Drawdown Is Not Safe From Bankruptcy.
Last month, the Court of Appeal ruled that an Income Payments Order (IPO) could not be placed on uncrystallised pension funds.
Headlines read that our personal pension plans (PPP) and our self-invested personal pension plans (SIPP) were safe from being seized by the Trustee in Bankruptcy (TIB) if you are declared bankrupt. This effectively confirms an earlier ruling by the High Court and also the Welfare Reform and the Pensions Act 1999, where pension funds that are not in payment are protected from creditors.
Again, this set is thinking. An uncrystallised pension fund is one where you have not taken any benefits from it e.g. lump sum.
The issue now is that more and more people are accessing some or all of their lump sum or other amounts from the remaining pension fund via flexible access drawdown rules that started in April 2015. Flexible drawdown is a crystallised pension benefit i.e. you have legally retired from the scheme.
This means that if you are declared bankrupt and you have accessed the lump sum from your pension fund then the whole of your remaining pension fund could be subject to an IPO.

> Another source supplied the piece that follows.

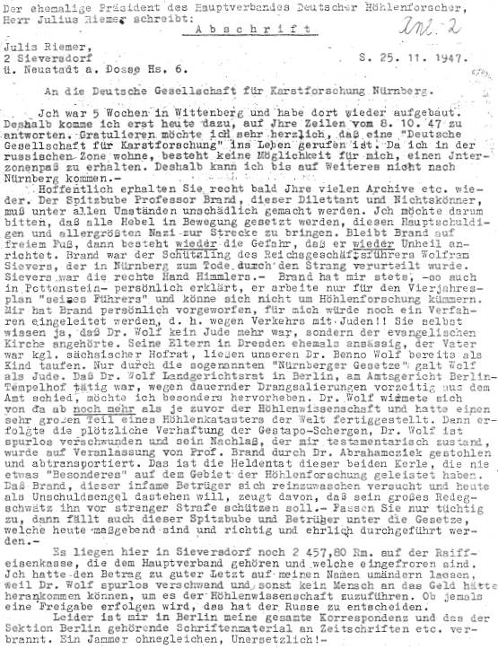 Einführung lichkeit an die deutsche Höhlenforschung damit beweisen, daß er in seiner bisher geübten Selbstlosigkeit seine Höhlenbücherei für die Fortsetzung der Forschungen zur Verfügung stellt". Das war der Gipfel des Zynismus. (...) In der Tat war geplant, alle Höhlenvereinigungen aus der noch bestehenden Dachorganisation herauszulösen, sie im "Reichsbund" gleichzuschalten und diesen dann der Forschungsstätte für Karst- und Höhlenkunde im "Ahnenerbe" unterzuordnen. Anfang 1939 konnte man die Aktion einleiten. Der ehemalige Studienprofessor Dr. Ing. Hans Brand wurde als der derzeitige Leiter der Karst- und Höhlenforschung im "Ahnenerbe" (...) im März beauftragt, mit den deutschen Höhlenwissenschaftlern persönlich Fühlung aufzunehmen. Reichsgeschäftsführer Sievers lieferte Schützenhilfe, indem er prominente deutsche Vereinigungen, wie den "Reichsverband deutscher Schauhöhlen und Schaubergwerke", schriftlich aufforderte, sich mit Brand zwecks "Zusammenarbeit" in Verbindung zu setzen. Unterdessen sorgte Dr. Kurt Willvonseder, des "Ahnenerbes" Vertrauensmann in allen Fragen der ostmärkischen Bodendenkmalspflege, dafür, daß auch die Neuordnung der zahlreichen österreichischen Höhlenvereine betrieben wurde. (...). In Österreich stieß das "Ahnenerbe" vorerst auf Widerstand, den er jedoch mit Gewalt zu brechen gedachte. Indem er einen Grazer Höhlenspezialisten im August 1939 zum "freiwilligen Eintritt in die vom Reichsführer-SS geschaffene Neuorganisation" unter Androhung einer Denunziation an Himmler drängte, legte er die nun schon längst zur politischen Typik des "Ahnenerbes" gehörende Haltung eines tyrannischen Zwingherrn an den Tag, der bemüht ist, nach außen hin sein Gesicht zu wahren. Gefügiger als die seit langem auf ihre ansehnlichen Höhlen stolzen Österreicher zeigten sich ihre deutschen Kollegen. "Hauptverbands"-Vorstand Riemer sah sich am 15. August veranlaßt, Sievers seiner Kooporation zu versichern." zurückführte, zum Vorwand, um für eine "völlige Angleichung" zumindest der traditionsreichen österreichischen Höhlenforscher an die Reichsverhältnisse einzutreten. Sievers pflichtete bei, doch war man sich über die Art der Gründung eines neuen "Reichsbundes" noch nicht schlüssig. Wie wollte man den "Hauptverband" eliminieren? (...). Schließlich befolgte das "Ahnenerbe" ... bundes" verfügen. 1942 informierte der "Reichsbund" seine Mitglieder, daß Riemer Anfang Oktober 1942 aus "gesundheitlichen Gründen" auf seine "Reichsbund"-Ämter verzichtet habe. Der wahre Grund, so ließ Riemer Florian Heller wissen, war jedoch die inzwischen vollbrachte Verhaftung des Nestors der deutschen Höhlenforschung, Benno Wolf, in Berlin. Das einzigartige höhlenkundliche Material Wolfs, welches das "Ahnenerbe" im Spätsommer 1942 gerade zu Brand nach München verfrachten ließ, aber gehörte laut Wolfs Vermächtnis - Julius Riemer. (...). Brand selbst erklärte nach dem Kriege, er sei in seiner Rolle als "Beschützer" Wolfs von der Gestapo "regelrecht überspielt" worden. Hingegen hat Julius Riemer nach 1945 gemeint, "daß der eigentliche Hauptschuldige für die Verschleppung Wolfs Prof. Dr. Brand sei, der sich in den Besitz des reichen wissenschaftlichen Materials zur Karst- und Höhlenforschung setzen wollte". Diese Feststellung kommt der Wahrheit am nächsten. Brand war es, der im Dezember 1940 an Sievers schrieb, durch die forcierte Annäherung Riemers an das "Ahnenerbe" werde man auf indirekte Weise in den "wertvollen Besitz des seit Jahren angehäuften und sorgfältig bearbeiteten Materials des früheren Hauptverbandsvorsitzenden Dr. Wolf gelangen". Im Oktober 1941, einen Monat, bevor die deutschen Juden überhaupt erst ihre deutsche Staatsbürgerschaft verloren, schrieb Sievers an Adolf Eichmann, nach der zu erfolgenden Deportation Wolfs sei dessen Material zu sichern und zum "Ahnenerbe" zu schaffen. Im Februar 1942 - die Berliner Juden wurden seit Oktober 1941 abtransportiert - regte Sievers an, die Bücherei Wolfs schon vor dessen Evakuierung durch die Gestapo beschlagnahmen zu lassen, ein Vertrauter des "Ahnenerbes" würde dabei gerne Hilfestellung leisten. Im April stand der ungefähre Zeitpunkt fest, zu dem der 71jährige Wolf "mit einem Alterstransport zum Abschub" gelangen sollte. Am 6. Juli war es endlich soweit. Vorsorglich hatte Sievers als "Ahnenerbe"-Spitzel die SS-Führer Dr. Abrahamczik und Reimann in die Berliner Hornstraße Nr. 6 entsandt. Ihr Bericht über die entwürdigende Verhaftung des einstigen Landgerichtsrats ist ein ebenso erschütterndes wie grausames Dokument. "Dr. Wolf erschien erst um 13.30 Uhr in seiner Wohnung. Vor den anwesenden SS-Männern wollte er vorerst keinerlei Aussagen machen und tat sehr geheimnisvoll über seine angeblichen Verbindungen zu aller- höchsten Stellen. Über seinen persönlichen Verkehr mit Riemer befragt, gab er zu, daß er fast täglich mit diesem beisammen sei. Über die plötzlich beabsichtigte Evakuierung war er sehr erstaunt, besonders da ihm von Herrn Riemer zugesichert sei, daß er von ihr verschont bleiben werde. Riemer wurde seinerzeit vom Reichsführer-SS als Vorstandsmitglied des Reichsbundes für Karst- und Höhlenforschung und Schriftleiter der Zeitschrift bestätigt. Auf Grund dieser Bestellung fühlte sich Herr Riemer nach Angaben Wolf's berechtigt, diesem zu raten, keinen Judenstern zu tragen. Es sollten dadurch seine Arbeiten am Welthöhlenkataster nicht behindert werden. Wolf schützte auch seine hohen Verbindungen vor und nannte als solche 'Das Ahnenerbe', Sievers, Rektor Wüst und Dr. Brandt." Das erste, was Reichsgeschäftsführer Sievers, der nach dem Kriege als Widerstandskämpfer in die Geschichte einzugehen gedachte, daraufhin tat, war, sämtliche Angaben Wolfs über dessen Beziehungen zum "Ahnenerbe" bei der Gestapo scharf zu dementieren. Im August bat Brand die Reichsgeschäftsführung noch einmal um Übersendung des Wolfschen Materials an seine Münchener Forschun

What can I do to protect my pension?
We suggest if youown a business that is struggling or you are getting yourself into personal debt with potentially heading towards a bankruptcy outcome then you should adopt two approaches to your pension fund:
Phased Flexible Pension Drawdown
Imagine your pension fund has been divided into 1000 mini pension policies. These are known as clusters or segments. If you need to access funds from your pension, only cash in the segments that you need. This will mean that part of your pension fund is then crystallised and could be the subject of an IPO but the remaining clusters/segments that have not been accessed i.e. remain uncrystallised are protected from your creditors. This is phased flexible drawdown.